Couple days later I pedaled by a car with the hood up. There was a woman standing there with two young children running around on the sidewalk next to her. In my car I am sure I would have just sped by in ignorance (and maybe a bit of apathy). But on my bike, I looked her in the eye and saw her dismay. I pedaled about a half block before deciding to turn back. She thanked me, said she had called her husband and he was on his way.

But the big one came a few days later. I was on my way home as a late afternoon thunderstorm was blowing in. I had my head down against the sand and grit as I crossed a street. When I got across the street, I looked up and there was a parked car right in front of me. I swerved, but my handlebar caught on the roof and the entire bike lifted up as I screeched across the top of the brand new Audi. I recovered and swung around to access the damage. About a yard’s length of paint gone down to the metal. It started to rain. I didn’t have anything to write on. I knocked on the door of the house the car was in front of but no one was home. I rationalized that I ride this way most every day, I’ll deal with it later.

Of course the car wasn’t there the next day. Or the next. Or the next week. But I kept thinking about it because I think a lot when I am on my bike. I thought about how I would feel if I found a gouge in my car that no one took responsibility for. And I thought about how my dad would handle it. So I went back to the house and knocked again. An elderly lady said her car is always in her garage, but that people from the office behind her always park on her street. So I rode around the office parking lot but didn’t see the car.

I was a bit relieved. I convinced myself that I had done all I could do to track it down. The car was gone and the ordeal was over. But the next day I found myself at the front desk of the office leaving my name in case anyone with a blue Audi reported some vandalism.

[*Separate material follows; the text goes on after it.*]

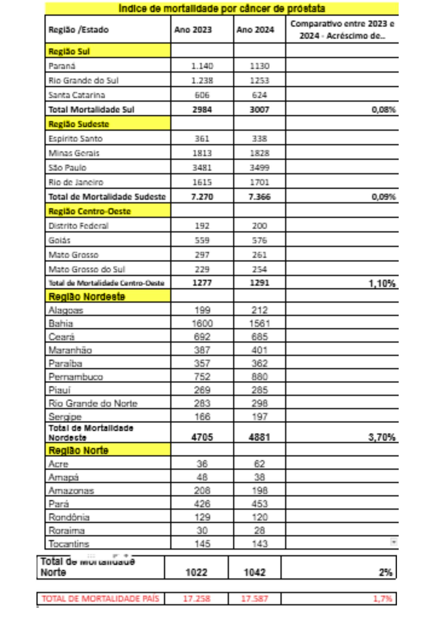 A maior incidência é esperada na região Sudeste (77,9 casos por 100 mil homens), seguida do Nordeste (73,3), Centro-Oeste (61,6), Sul (57,2) e Norte (28,4). No entanto, as taxas de mortalidade são maiores no Norte e Nordeste, demonstrando um diagnóstico mais tardio nessas regiões. Segundo dados do Instituto Nacional de Câncer (INCA), o Brasil registrou 17.258 óbitos por câncer de próstata em 2023 e 17.587 em 2024, representando um aumento de aproximadamente 2%. Mato Grosso do Sul concentra 254 dos 1.291 óbitos por câncer de próstata registrados na região Centro-Oeste em 2024. A doença é a segunda principal causa de morte entre os homens, perdendo apenas para o câncer de pulmão. Confira, a seguir, a tabela por estado.

I was so proud that I had gone the extra effort. And after two weeks when no one called, I was very relieved. The ordeal was over. But the next day something made me pedal past the office parking lot again, and there it was. Shit.

I wrote a note, then tore it up. I wrote it again and stuck it on the car. “I am the one who scratched your car a month ago.” Couple days later the guy called and thanked me for being honest. He was a bit confused, and didn’t know what to do. “I’ll call you back.” he said.

Now, I know I have been in my car and bumped another car in a parking lot before, but for some reason it seems ok to let that go, I don’t know why. I don’t always tip the cashier at Starbucks. I don’t volunteer or support any charity to speak of. I swear a lot. But on my short commute to and from work on my bike, I feel like real swell guy.